Nortel Networks Corp. was close to a deal last night to sell one of its key businesses to rival Avaya Inc.

The sale of the enterprise unit to Avaya would mean that over the course of a single week the 127-year-old Canadian tech icon had agreed to sell off assets responsible for nearly half its revenue, following a deal with Nokia Siemens Networks for its wireless assets announced June 19.

Nortel and Avaya cleared one of the last major hurdles on Thursday and the two were near to signing the paperwork on a deal, worth as much as $500-million (U.S.), a source familiar with the situation said.

The two companies had alerted some of their major customers and resellers during the week that a possible deal was in the works. Spokespeople from both Nortel and Avaya said their firms do not comment on "rumours or speculation."

Nortel's enterprise unit makes network equipment for businesses and other organizations and competes with Avaya, Cisco Systems Inc. and Siemens Enterprise Communications Inc.

The unit was responsible for 20 per cent of Nortel's business last year.

The recession, coupled with Nortel's decision to enter creditor protection in January, has hammered its enterprise sales.

Revenue from the unit fell 41 per cent in the first quarter from a year earlier, to $395-million.

Avaya's decision to go after Nortel's enterprise assets marks a dramatic turnaround of fortunes. Just two years ago, the Basking Ridge, N.J.-based equipment maker faced its own financial crisis and Nortel emerged as a potential buyer.

Those discussions reportedly fell through because the parties could not agree on price and terms of payment; Avaya was instead purchased by private equity firms Silver Lake Partners and TPG Inc. for $8.2-billion.

Avaya has since emerged as one of the few profitable players left in the industry.
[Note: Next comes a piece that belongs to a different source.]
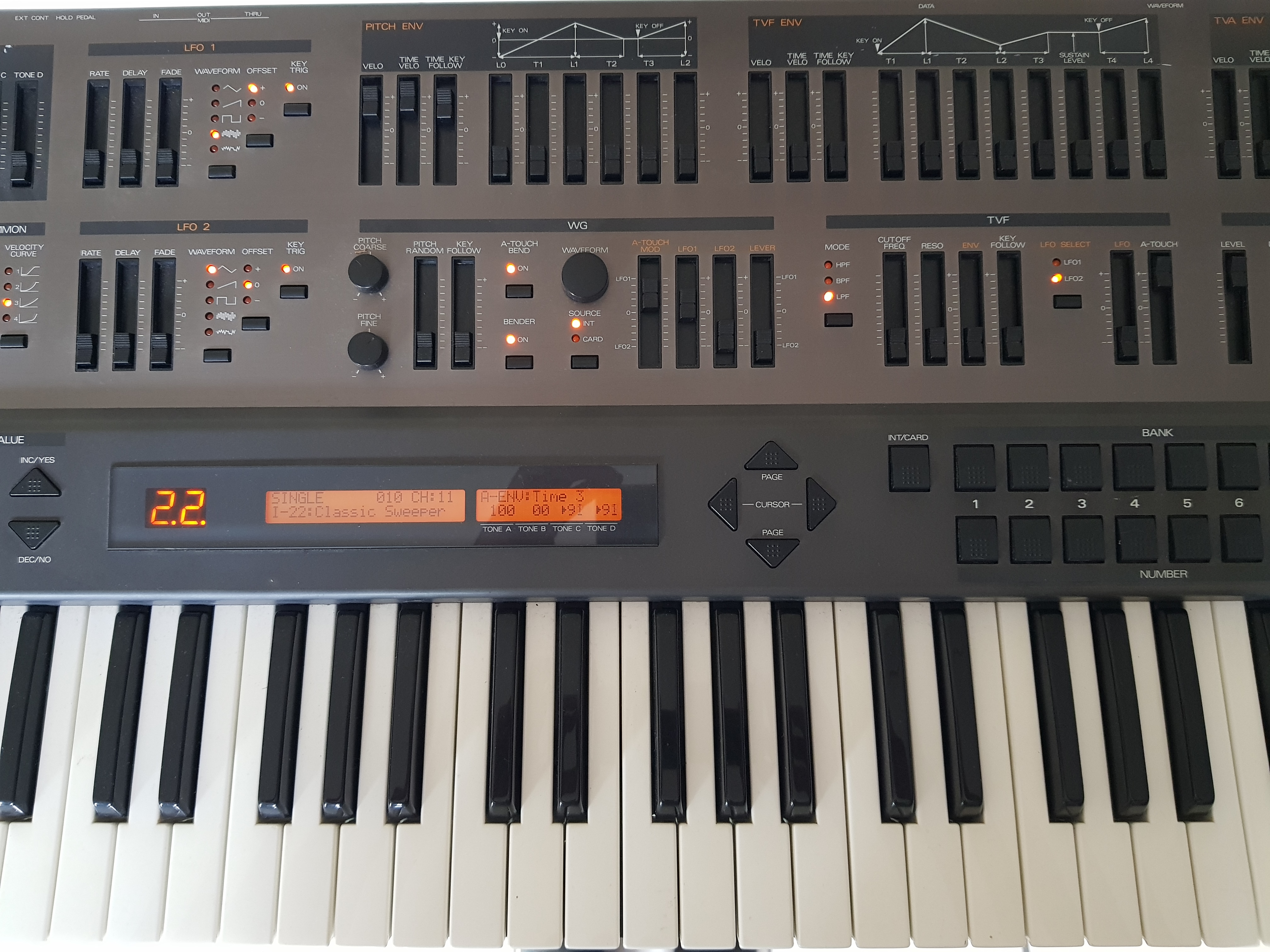 lots of buttons, enough things to do sons.machine exceptional, very beautiful line, stunning effects (for age), synthetic motor filter very basic but aging typé.machine mal.fragilité contacts and keyboard cursors.

Last December, senior executives said they were winning new business at the expense of Nortel because of their competitor's financial troubles.

The turn of events is particularly poignant for Mike Zafirovski, Nortel's chief executive officer, who had hoped to expand business by scoring a major acquisition such as Avaya, but now finds himself on the other side of a consolidating market.

Nortel's decision to sell its wireless assets to Nokia Siemens for $650-million will preserve at least 2,500 of 4,100 jobs in Canada and the United States, the companies said.

A rival bid could emerge over the next three weeks, but analysts say one is unlikely.

Nortel's creditors, meanwhile, filed a motion in U.S. bankruptcy court yesterday, objecting to the deal with Nokia Siemens.

The main group representing creditors complained that the terms of the bid could stifle other offers because the rules tipped the process in Nokia Siemens' favour.